What is Markov Chain?
Markov Chain
A Markov Chain is a mathematical system that transitions from one state to another based on certain probabilistic rules. It is characterized by the property that the future state depends only on the current state and not on the sequence of events that preceded it.
Overview
A Markov Chain is a model used to describe systems that move between different states in a probabilistic manner. The key feature of a Markov Chain is that it follows the Markov property, meaning the next state depends only on the current state and not on how it arrived there. This makes it useful for predicting future events based on present conditions without needing a complete history of past states.
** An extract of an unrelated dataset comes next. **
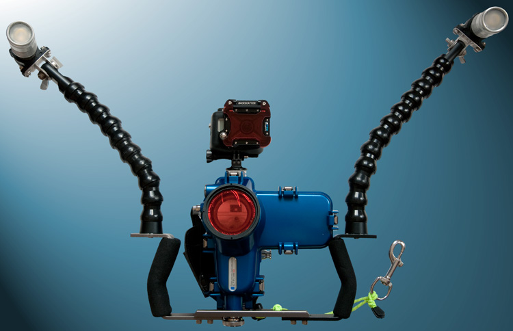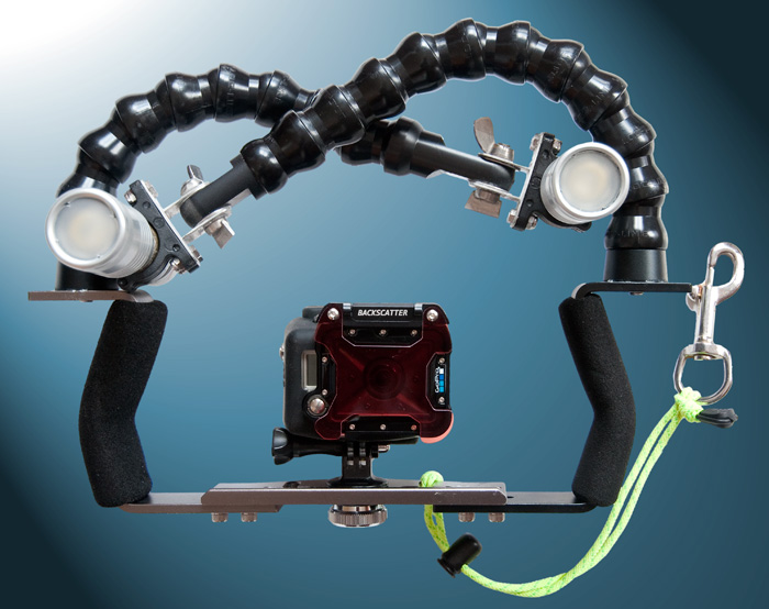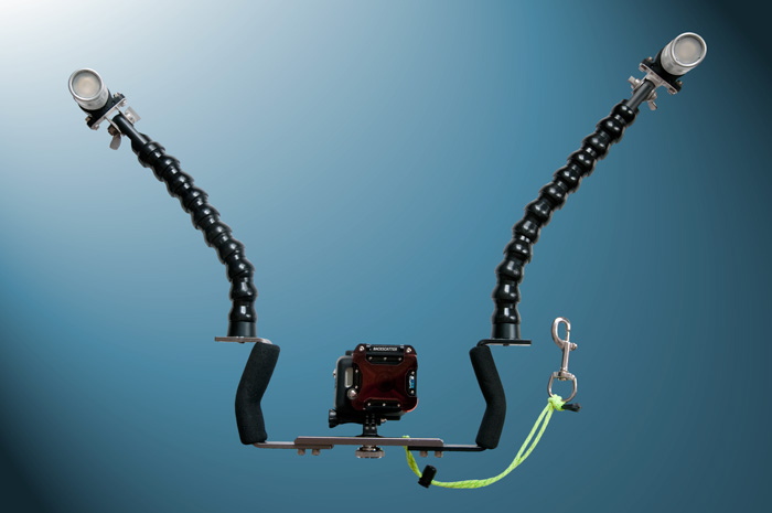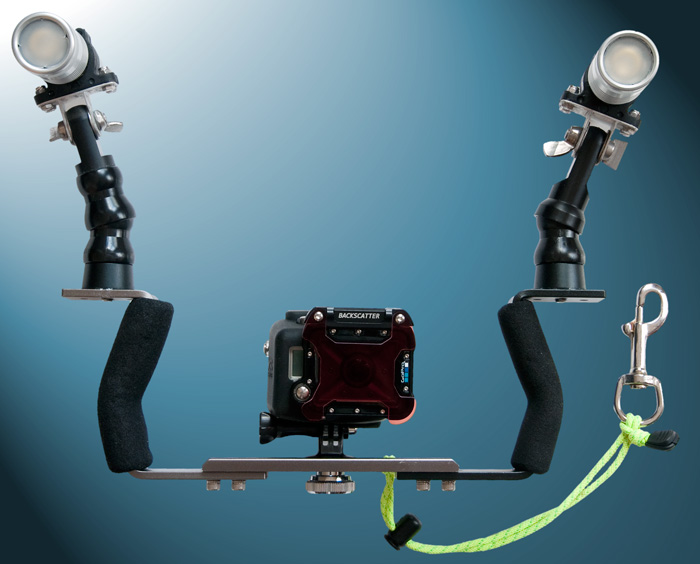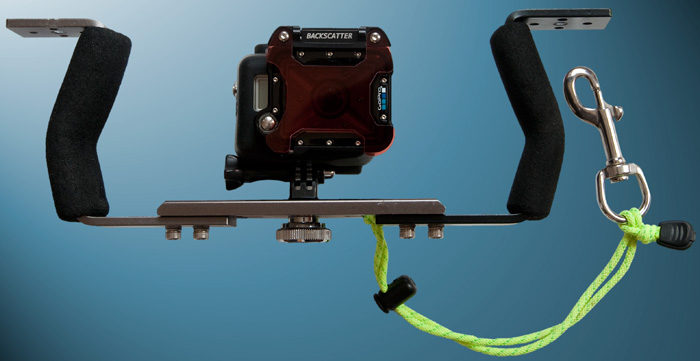 Configuración de doble asa para una mayor estabilidad: Montando la cámara con el adaptador de trípode original GoPro sobre una pletina Fisheye de doble asa se consigue mucha más estabilidad. El conjunto resulta mucho más voluminoso que con el asa Goodman, pero los resultados son muy superiores. http://www.kanau.es/content/view/268/255/ Con el asa y el filtro se pueden conseguir buenos resultados en días claros, con aguas limpias y hasta 15m. de profundidad. Para peores condiciones o mayor profundidad es necesario recurrir a una iluminación de apoyo. |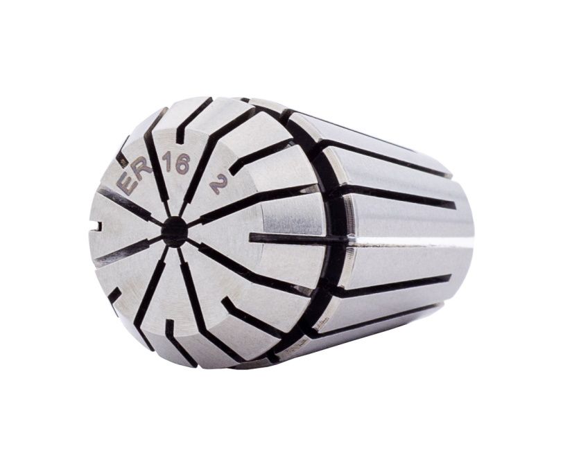 Цанга ER16-2 (DIN 6499B, ISO 15488-B) предназначена для фиксации осевого инструмента с диаметром хвостовика 1,6 ... 2 мм, применяется совместно с патронами типа ER. Сквозное отверстие позволяет размещать инструмент, длина которого превышает высоту цанги. Зажимное усилие на хвостовик инструмента осуществляется в двух зонах, что обеспечивает надежное крепление инструмента и существенное снижает радиальное биение в процессе эксплуатации.

Markov Chains work by defining a set of possible states and the probabilities of moving from one state to another. For example, consider a weather prediction model where the states could be 'Sunny', 'Cloudy', and 'Rainy'. If today's weather is 'Sunny', the model might predict a 70% chance of staying 'Sunny' tomorrow, a 20% chance of becoming 'Cloudy', and a 10% chance of turning 'Rainy'. This simple probabilistic approach allows for effective forecasting in various fields, including finance, genetics, and artificial intelligence. Understanding Markov Chains is important because they provide a framework for modeling systems that are inherently random and dynamic. They are widely used in various applications, such as Google's PageRank algorithm, which helps rank web pages based on their link structure. By analyzing the transitions between states, Markov Chains help researchers and professionals make informed decisions based on statistical probabilities.